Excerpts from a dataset

---

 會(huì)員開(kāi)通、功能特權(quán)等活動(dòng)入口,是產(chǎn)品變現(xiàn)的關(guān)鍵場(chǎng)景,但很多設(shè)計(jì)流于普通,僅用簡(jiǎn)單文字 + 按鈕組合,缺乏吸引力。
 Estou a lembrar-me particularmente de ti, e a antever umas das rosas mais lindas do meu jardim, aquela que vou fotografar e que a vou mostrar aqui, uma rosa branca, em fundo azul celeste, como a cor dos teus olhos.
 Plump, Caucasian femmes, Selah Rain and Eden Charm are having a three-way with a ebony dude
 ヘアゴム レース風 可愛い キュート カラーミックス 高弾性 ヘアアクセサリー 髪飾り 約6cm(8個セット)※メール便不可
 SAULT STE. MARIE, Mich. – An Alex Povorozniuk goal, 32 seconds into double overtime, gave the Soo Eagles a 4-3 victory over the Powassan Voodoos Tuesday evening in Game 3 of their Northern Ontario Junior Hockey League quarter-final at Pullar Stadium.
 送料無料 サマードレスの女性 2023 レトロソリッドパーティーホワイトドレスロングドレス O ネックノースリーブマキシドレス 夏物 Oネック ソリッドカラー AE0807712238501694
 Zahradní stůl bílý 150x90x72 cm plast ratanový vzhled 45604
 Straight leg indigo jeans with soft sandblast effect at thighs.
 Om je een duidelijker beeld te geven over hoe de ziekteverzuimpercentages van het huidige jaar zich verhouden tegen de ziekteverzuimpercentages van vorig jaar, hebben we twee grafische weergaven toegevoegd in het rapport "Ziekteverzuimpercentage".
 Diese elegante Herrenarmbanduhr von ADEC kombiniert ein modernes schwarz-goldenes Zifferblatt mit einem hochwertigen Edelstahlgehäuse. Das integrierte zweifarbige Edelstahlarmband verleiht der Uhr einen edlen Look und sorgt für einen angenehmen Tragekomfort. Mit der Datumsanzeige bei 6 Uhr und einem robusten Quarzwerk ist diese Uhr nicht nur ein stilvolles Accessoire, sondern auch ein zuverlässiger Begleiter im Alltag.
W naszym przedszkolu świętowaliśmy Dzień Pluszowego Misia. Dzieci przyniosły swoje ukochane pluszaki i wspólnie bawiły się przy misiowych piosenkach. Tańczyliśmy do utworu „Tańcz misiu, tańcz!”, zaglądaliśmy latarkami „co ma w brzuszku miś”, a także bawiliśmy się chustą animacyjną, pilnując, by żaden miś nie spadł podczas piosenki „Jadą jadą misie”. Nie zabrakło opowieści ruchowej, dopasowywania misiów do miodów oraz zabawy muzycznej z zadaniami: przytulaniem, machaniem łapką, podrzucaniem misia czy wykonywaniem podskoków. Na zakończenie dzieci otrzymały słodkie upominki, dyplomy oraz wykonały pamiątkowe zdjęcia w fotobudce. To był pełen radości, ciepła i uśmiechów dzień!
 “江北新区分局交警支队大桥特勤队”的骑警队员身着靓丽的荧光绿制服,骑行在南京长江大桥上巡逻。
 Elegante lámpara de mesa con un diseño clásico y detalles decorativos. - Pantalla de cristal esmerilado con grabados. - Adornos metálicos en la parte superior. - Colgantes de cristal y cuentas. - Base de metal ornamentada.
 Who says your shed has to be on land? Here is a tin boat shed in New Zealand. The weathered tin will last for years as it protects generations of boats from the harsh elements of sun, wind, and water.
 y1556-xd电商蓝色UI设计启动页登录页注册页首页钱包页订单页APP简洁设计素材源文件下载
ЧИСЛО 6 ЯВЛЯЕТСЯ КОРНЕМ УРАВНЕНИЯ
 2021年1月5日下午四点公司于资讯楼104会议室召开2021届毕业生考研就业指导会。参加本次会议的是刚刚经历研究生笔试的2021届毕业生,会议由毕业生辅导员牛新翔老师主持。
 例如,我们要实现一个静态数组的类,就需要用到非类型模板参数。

---

Aim of the task –
Output every record above a second time, exactly.

Task solution –
 會(huì)員開(kāi)通、功能特權(quán)等活動(dòng)入口,是產(chǎn)品變現(xiàn)的關(guān)鍵場(chǎng)景,但很多設(shè)計(jì)流于普通,僅用簡(jiǎn)單文字 + 按鈕組合,缺乏吸引力。
 Estou a lembrar-me particularmente de ti, e a antever umas das rosas mais lindas do meu jardim, aquela que vou fotografar e que a vou mostrar aqui, uma rosa branca, em fundo azul celeste, como a cor dos teus olhos.
 Plump, Caucasian femmes, Selah Rain and Eden Charm are having a three-way with a ebony dude
 ヘアゴム レース風 可愛い キュート カラーミックス 高弾性 ヘアアクセサリー 髪飾り 約6cm(8個セット)※メール便不可
 SAULT STE. MARIE, Mich. – An Alex Povorozniuk goal, 32 seconds into double overtime, gave the Soo Eagles a 4-3 victory over the Powassan Voodoos Tuesday evening in Game 3 of their Northern Ontario Junior Hockey League quarter-final at Pullar Stadium.
 送料無料 サマードレスの女性 2023 レトロソリッドパーティーホワイトドレスロングドレス O ネックノースリーブマキシドレス 夏物 Oネック ソリッドカラー AE0807712238501694
 Zahradní stůl bílý 150x90x72 cm plast ratanový vzhled 45604
 Straight leg indigo jeans with soft sandblast effect at thighs.
 Om je een duidelijker beeld te geven over hoe de ziekteverzuimpercentages van het huidige jaar zich verhouden tegen de ziekteverzuimpercentages van vorig jaar, hebben we twee grafische weergaven toegevoegd in het rapport "Ziekteverzuimpercentage".
 Diese elegante Herrenarmbanduhr von ADEC kombiniert ein modernes schwarz-goldenes Zifferblatt mit einem hochwertigen Edelstahlgehäuse. Das integrierte zweifarbige Edelstahlarmband verleiht der Uhr einen edlen Look und sorgt für einen angenehmen Tragekomfort. Mit der Datumsanzeige bei 6 Uhr und einem robusten Quarzwerk ist diese Uhr nicht nur ein stilvolles Accessoire, sondern auch ein zuverlässiger Begleiter im Alltag.
W naszym przedszkolu świętowaliśmy Dzień Pluszowego Misia. Dzieci przyniosły swoje ukochane pluszaki i wspólnie bawiły się przy misiowych piosenkach. Tańczyliśmy do utworu „Tańcz misiu, tańcz!”, zaglądaliśmy latarkami „co ma w brzuszku miś”, a także bawiliśmy się chustą animacyjną, pilnując, by żaden miś nie spadł podczas piosenki „Jadą jadą misie”. Nie zabrakło opowieści ruchowej, dopasowywania misiów do miodów oraz zabawy muzycznej z zadaniami: przytulaniem, machaniem łapką, podrzucaniem misia czy wykonywaniem podskoków. Na zakończenie dzieci otrzymały słodkie upominki, dyplomy oraz wykonały pamiątkowe zdjęcia w fotobudce. To był pełen radości, ciepła i uśmiechów dzień!
 “江北新区分局交警支队大桥特勤队”的骑警队员身着靓丽的荧光绿制服,骑行在南京长江大桥上巡逻。
 Elegante lámpara de mesa con un diseño clásico y detalles decorativos. - Pantalla de cristal esmerilado con grabados. - Adornos metálicos en la parte superior. - Colgantes de cristal y cuentas. - Base de metal ornamentada.
 Who says your shed has to be on land? Here is a tin boat shed in New Zealand. The weathered tin will last for years as it protects generations of boats from the harsh elements of sun, wind, and water.
 y1556-xd电商蓝色UI设计启动页登录页注册页首页钱包页订单页APP简洁设计素材源文件下载
ЧИСЛО 6 ЯВЛЯЕТСЯ КОРНЕМ УРАВНЕНИЯ
 2021年1月5日下午四点公司于资讯楼104会议室召开2021届毕业生考研就业指导会。参加本次会议的是刚刚经历研究生笔试的2021届毕业生,会议由毕业生辅导员牛新翔老师主持。
 例如,我们要实现一个静态数组的类,就需要用到非类型模板参数。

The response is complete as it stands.